The molecular structure of the TPP-SO3H was further investigated by 13C NMR (Fig. S5, ESI†). The peaks at 90–120 ppm are assigned to the carbon atoms in the aromatic systems. The peak at 134 ppm corresponds to the carbon atoms of the substituted aromatic ring. Additionally, the peak at 33.84 ppm indicates the methylene carbon formed by the Friedele–Crafts alkylation reaction. The presences of –OCH2 (49.98 ppm) resonances indicate secondary reaction channels involving FDA during the polymerization.37
Adsorption kinetics of MEB,BF, and MG on TPP-SO3H
The time-dependent adsorption of MEB, MG, and BF on TPP-SO3H was investigated at initial concentrations of 100 mg L−1, 100 mg L−1, and 300 mg L−1. Fig. 3a shows the adsorption kinetics curves for the three dyes. The removal rates were all very rapid during the initial stages of the adsorption process. After a very rapid adsorption, the uptake rates slowly declined with time and reached equilibrium values at approximately 10 min for all the three dyes, which was faster than for some other materials.38,39 The equilibrium adsorption rates constant(K2) of the MEB, BF, and MG were 0.0026, 0.0149 and 0.0093 g mg−1 min−1, respectively, those K2 value were larger than those previously reported porous adsorbents for the three dyes are listed in Table S2.† The high initial uptake rate and the short adsorption equilibrium time demonstrated that the surfaces of the polymer TPP-SO3H had a high density of active sites for dyes adsorption. Hence, a practical advantage of using the sulfonic acid polymer TPP-SO3H as an adsorbent would be its ability to remove more dyes in a considerably shorter adsorption time.
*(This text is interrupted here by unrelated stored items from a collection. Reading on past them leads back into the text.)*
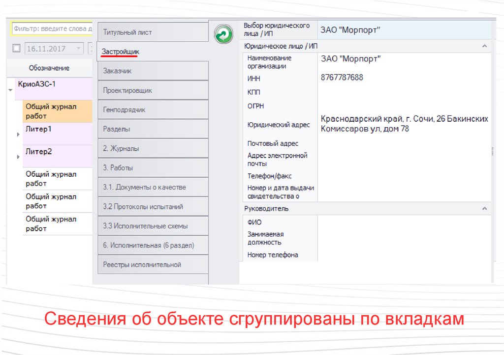 ИсполнительнаяЖурнал содержит введенные ранее сведения об объекте
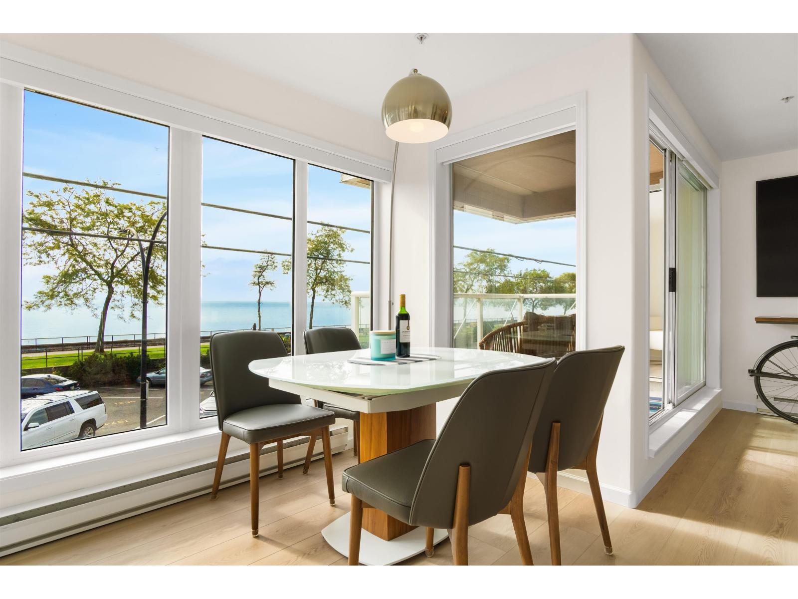 | Beautifully renovated ocean-view condo at Nautica! Enjoy unobstructed ocean views from your living room and primary bedroom in this spacious 3-bed, 2-bath corner unit (3rd bedroom with Murphy bed, no closet). Featuring over $100K in upgrades, including new flooring, paint, lighting, kitchen countertops, backsplash, appliances, built-ins, and fully updated bathrooms, this home is move-in ready. Steps to White Rock Beach, cafes, and restaurants. A true gem in the heart of White Rock! School catchment: White Rock Elementary & Semiahmoo Secondary.**OPEN HOUSE: Mar 7 7 & 8, 2-4PM** (id:5347) | |||
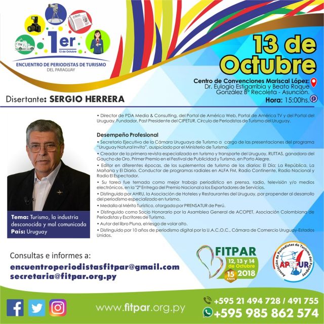 En el marco de la 15a. edición de la Feria de Turismo de Paraguay, la Asociación de Agencias de Viajes, ASATUR; la Asociación de Periodistas de Turismo de Paraguay, APETUR y la propia organización de FITPAR. cursaron oportunamente la invitación a nuestro director, Sergio Antonio Herrera para que participase, el próximo 13 de octubre, con una disertación en el Primer Encuentro de Periodistas de Turismo FITPAR 2018. "Turismo: la industria desconocida y mal comunicada" es el titulo de la presentación de Herrera. Los objetivos del encuentro buscan favorecer el intercambio y debate abierto entre colegas especializados en turismo de múltiples medios de prensa nacional, así como generar y propiciar la capacitación de los participantes por medio de ponencias de reconocidos disertantes internacionales y nacionales con experiencias positivas y de éxito que contribuya al desarrollo y crecimiento de las estrategias de promoción turística del Paraguay.
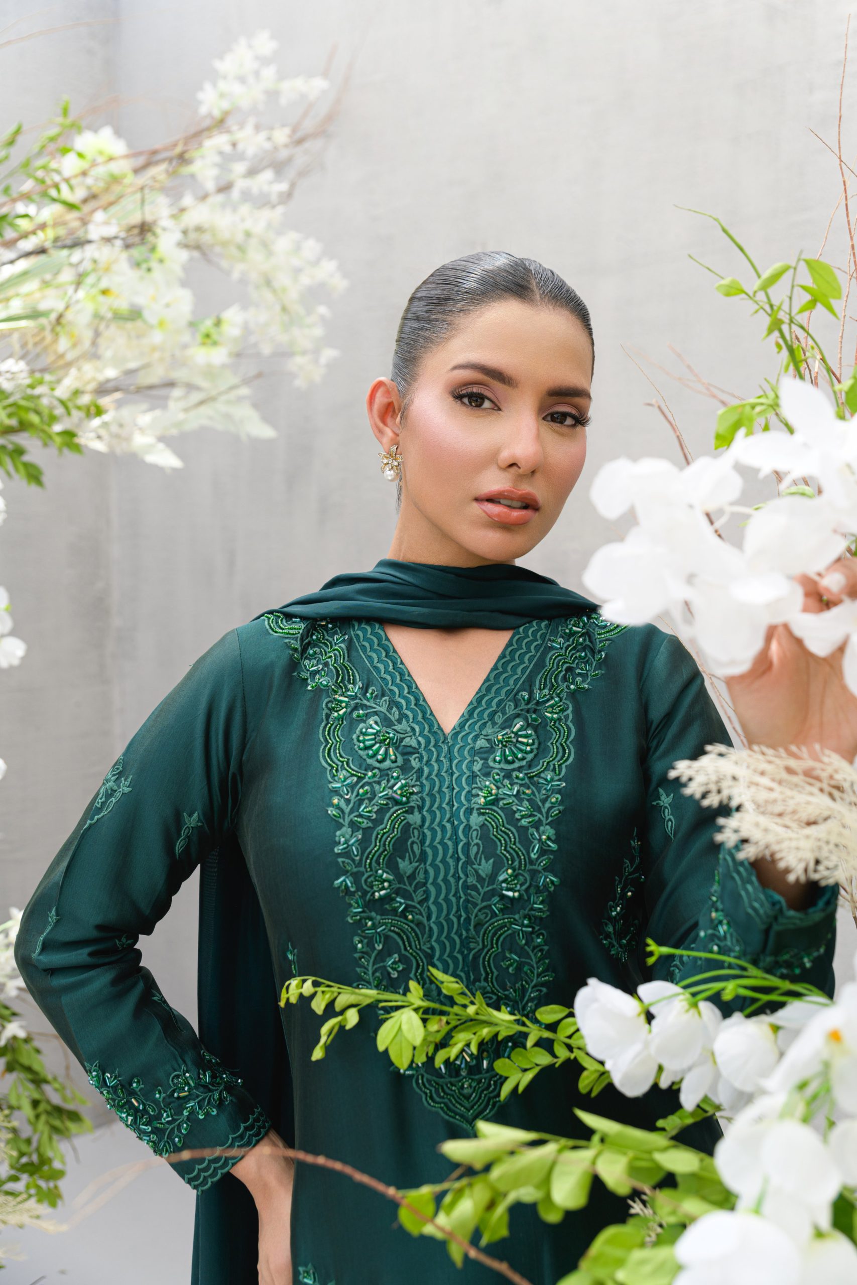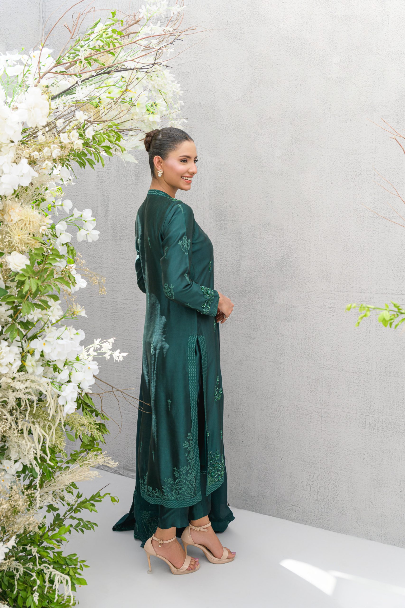 A Jade Green A-line shirt with a touch of hand embroidery on delicate machine embroidery. This formal piece is perfect for the festive season.
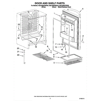 Parts for Kitchenaid KBCA06XPBL00: 02 - Door And Shelf Parts

However, to analyse the adsorption kinetics of TPP-SO3H, the adsorption data were analysed using pseudo-first-order (Fig. S6, ESI†) and pseudo-second-order kinetic models (Fig. 3b). The correlation coefficients obtained by fitting the pseudo-first-order and pseudo-second-order kinetic models are listed in Table S3.† From the figures and the table, an extremely high correlation coefficient (R2 > 0.997) was obtained for the pseudo-second-order kinetic model, and the calculated dyes adsorption capacity and experimental values are very close. This indicates that the rate of adsorption of the TPP-SO3H adsorbent for the organic dyes MEB, BF, and MG depends on the available adsorption sites.
|
| Fig. 3 (a) MEB, BF, and MG adsorption on the polymer TPP-SO3H at different times. (b) Plots of the pseudo-second-order kinetics for the adsorption of MEB, BF and MG (MEB and BF almost coincide). | |
Effect of pH on the adsorption of MEB, BF, and MG on TPP-SO3H
The adsorption of MEB, BF, and MG dyes from aqueous solution on TPP-SO3H is primarily influenced by the surface charge of the adsorbent and the degree of ionization of the adsorptive sites. The effect of the pH on the adsorption of MEB, BF, and MG was studied in the pH range of 2.0 to 9.0. As is well-known, –SO3H is strongly acid group with a large degree of ionization and is hardly unaffected by changes in the pH of the solution.40 It could be claimed that only negatively charged adsorbent species exist in the whole examined pH solution range of 2–9 is stated with a predominant role of SO3− groups. The surface of TPP-SO3H is negatively charged whereas the dye molecules are positively charged. Thus, as it was expected taking into account possibility of electrostatic interactions between the cationic dyes and the sulfonic groups, the adsorption of MEB, BF, and MG on TPP-SO3H is pH independent. As seen in Fig. 4, the removal efficiency of the dye does not obviously change with the pH range 2.0 to 9.0, and most of the dye wastewater is in this range. In fact, the acidic dyes wastewater is pre-treated with alkali before treatment. In addition, literature data report that pH does not influence on the dyes adsorption on the strongly acid cation exchanger.22
|
| Fig. 4 Effect of pH on the adsorption of MEB (black), BF (red), and MG (blue) (concentration MEB: 300 mg L−1, BF concentration: 200 mg L−1, and MG concentration: 800 mg L−1). | |
Although ion exchange is the most significant mechanism in MEB, BF, and MG removal via TPP-SO3H, some extent of pure physical adsorption may also occur. For example, π–π stacking interactions between the aromatic rings of the cationic dye and the aromatics rings of TPP-SO3H can play a role in the adsorption of MEB, BF and MG. Furthermore, the high affinity of the dye for the TPP-SO3H may also result from the formation of H-bonds.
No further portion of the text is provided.